International trade to fall by 20% in 2020
International trade in goods will fall by 20% in 2020 as economies struggle to recover from lockdown measures used to slow the COVID-19 outbreak, according to UNCTAD.
Data published in UNCTAD’s latest Global Trade Update, its newly released quarterly report on the global economy, show that merchandise trade fell by 5% in the first quarter of the year and point to a 27% drop for the second quarter and a 20% annual decline for 2020.
“There is still a lot of uncertainty about the possibility of any economic recovery in the second half of the year,” says Pamela Coke-Hamilton, UNCTAD’s director of international trade.
“International trade is likely to remain below the levels observed in 2019,” she adds, “but how far depends on the pandemic’s evolution and the type and extent of the policies governments adopt as the try to restart their economies.”
The data suggests that April was a particularly bad month for trade, with double digit declines in most regions. The worst affected was the Middle East, which saw exports fall by 40%.

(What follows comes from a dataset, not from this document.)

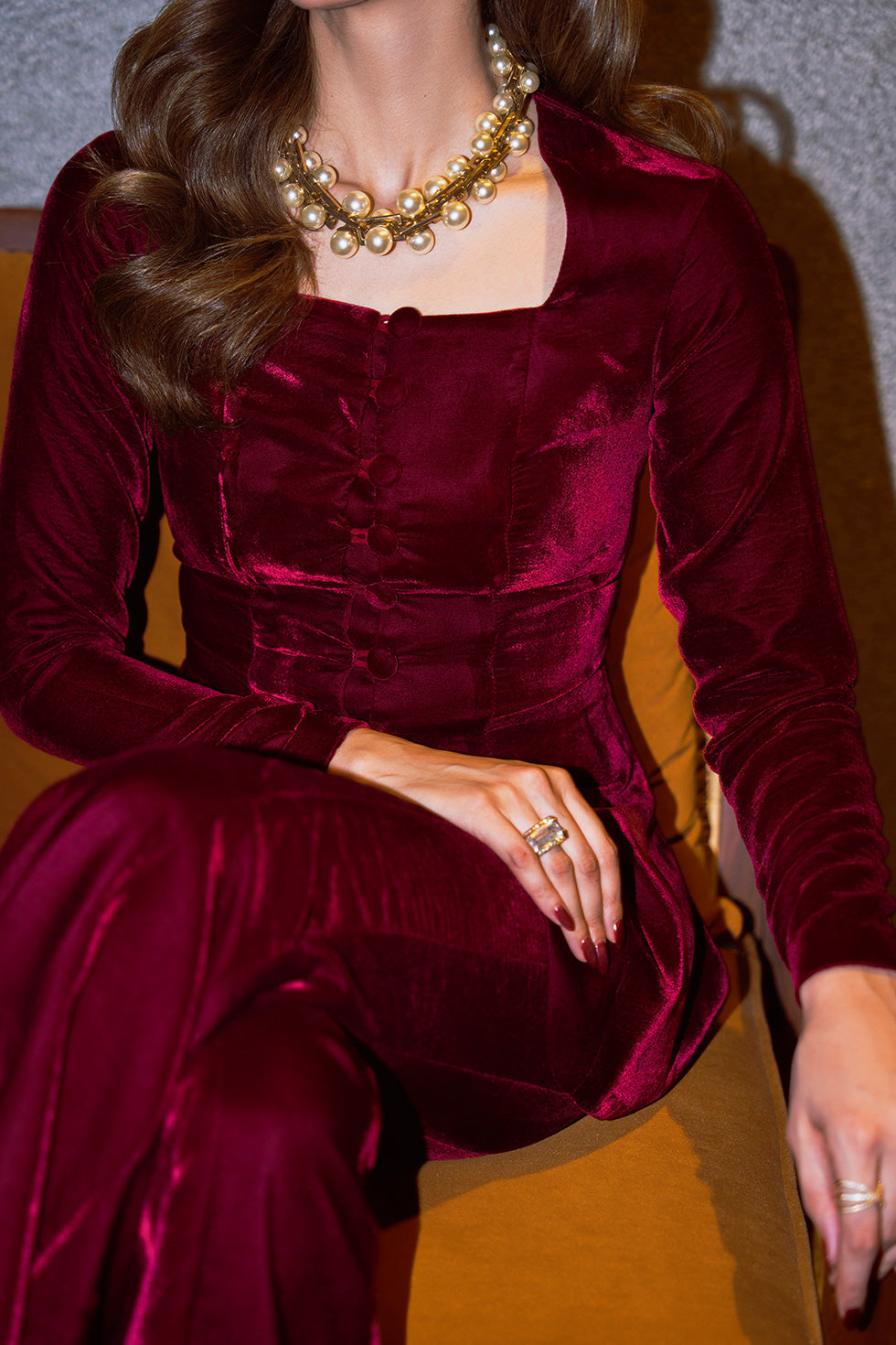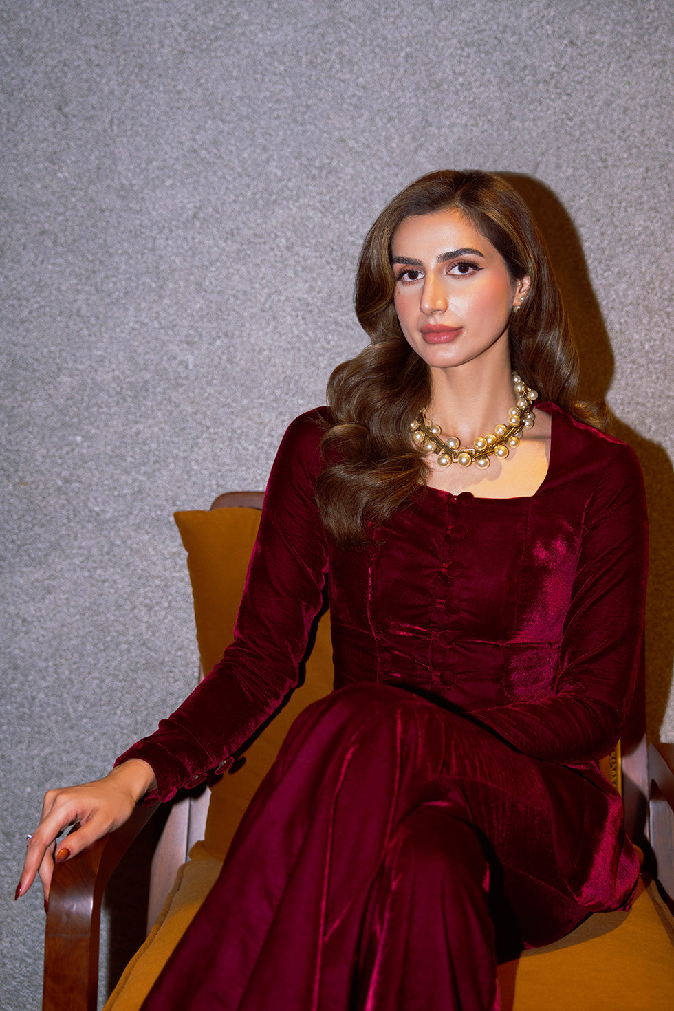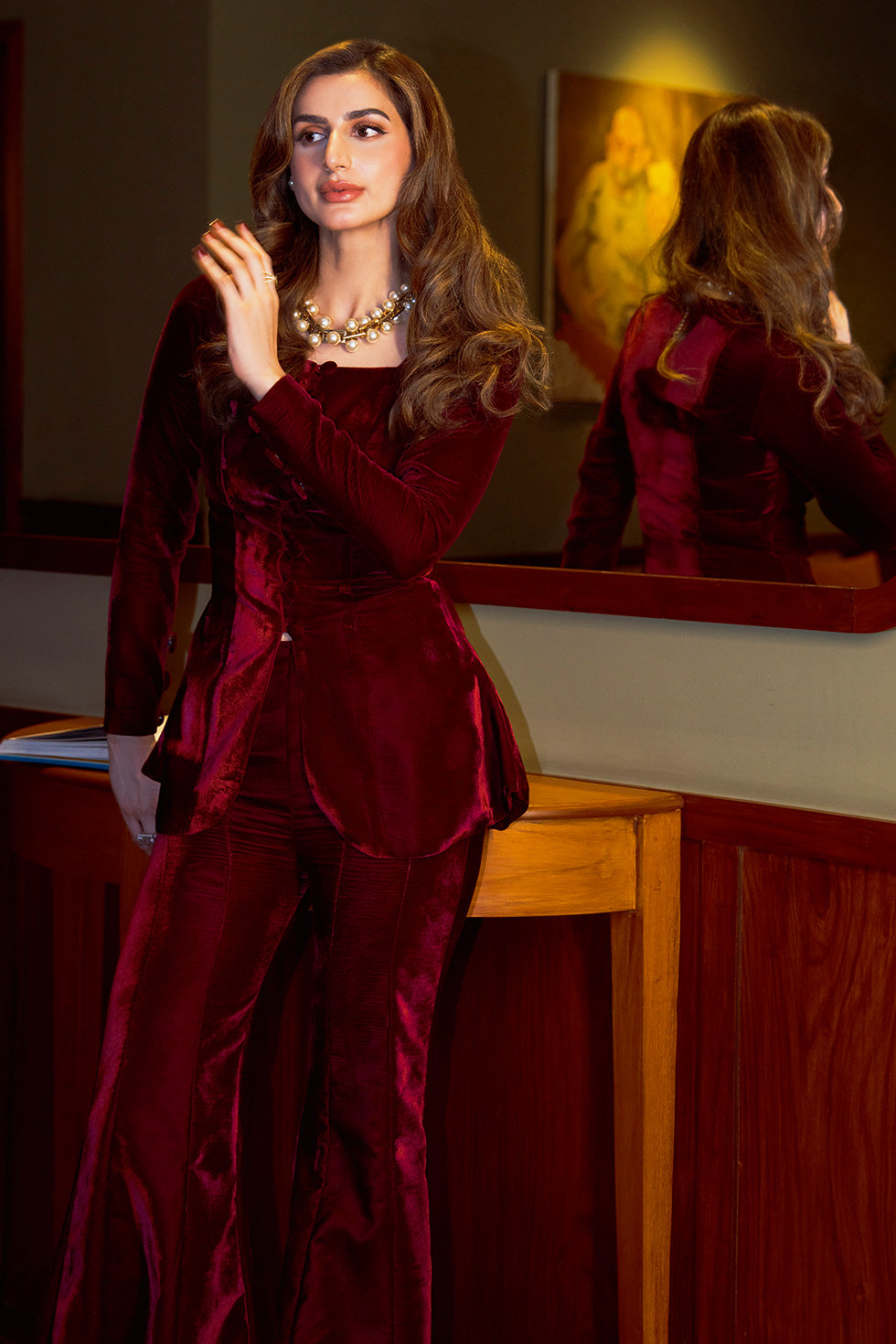 A rich maroon velvet co-ord set, tailored to perfection with delicate button and loop detailing along the front. Paired with gracefully flared velvet pants, the ensemble exudes classic sophistication with a touch of vintage charm. Every seam and detail is designed to celebrate timeless luxury and refined style

The COVID-19 pandemic has caused uncertainty and congestion across the world and ports, as hubs of international trade, have been severely affected.
For most of 2020 the biggest ports in the US have seen drops in traffic, particularly the West Coast gateways that handle substantial trade from China – Los Angeles, Long Beach and Oakland.
However, there is hope that the worst effects of the pandemic are over, and even that it may push the industry into developing an electronic Bill of Lading to clear the congestion.